### DATASET EXCERPT
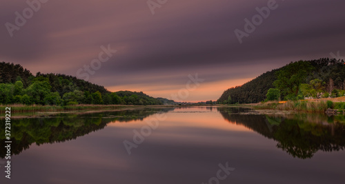 Fantastic beautiful sunset evening view on lake in Stradch, Lviv district. june 2020. Long exposure shot.
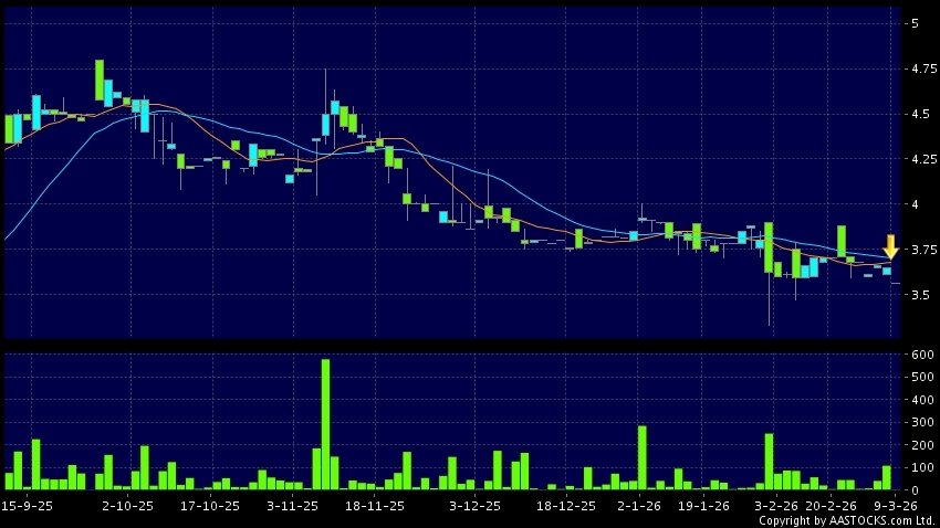 長安民生物流(01292.HK) -0.010 (-0.316%) 10天移動平均線跌穿20天移動平均線,出現死亡交叉。現價報3.560,下跌2.466%,成交量2.00千股,成交額7.12千。
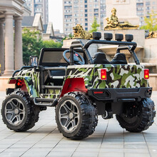 儿童电动车四轮四驱宝宝玩具汽车可坐双人带遥控摇摇蓝牙男女小孩越野双座儿童车 迷彩色四驱+蓝牙+发泡发光软轮+探照灯+皮座
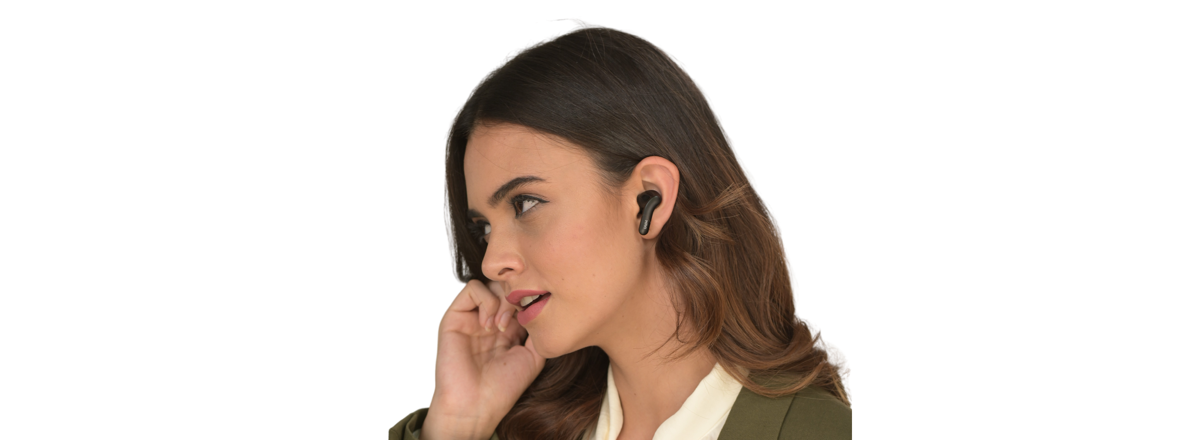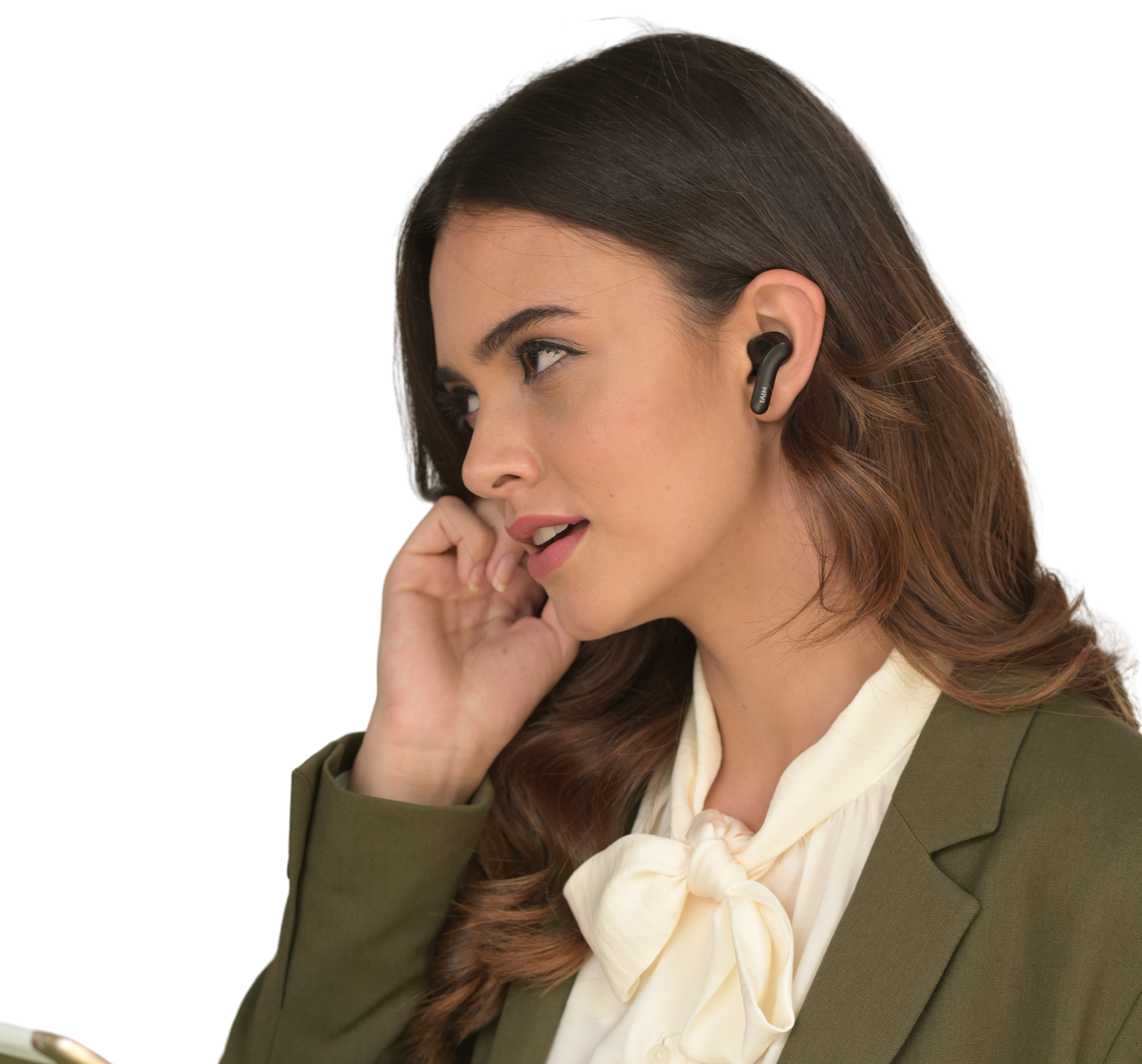 Insert the earbud into your ear and rotate to fit comfortably. Ensure the microphone is pointing towards your mouth.

### GOAL OF THE EXERCISE
Exclude all images and retype the data precisely.

### TASK OUTPUT
 Fantastic beautiful sunset evening view on lake in Stradch, Lviv district. june 2020. Long exposure shot.
 長安民生物流(01292.HK) -0.010 (-0.316%) 10天移動平均線跌穿20天移動平均線,出現死亡交叉。現價報3.560,下跌2.466%,成交量2.00千股,成交額7.12千。
 儿童电动车四轮四驱宝宝玩具汽车可坐双人带遥控摇摇蓝牙男女小孩越野双座儿童车 迷彩色四驱+蓝牙+发泡发光软轮+探照灯+皮座
 Insert the earbud into your ear and rotate to fit comfortably. Ensure the microphone is pointing towards your mouth.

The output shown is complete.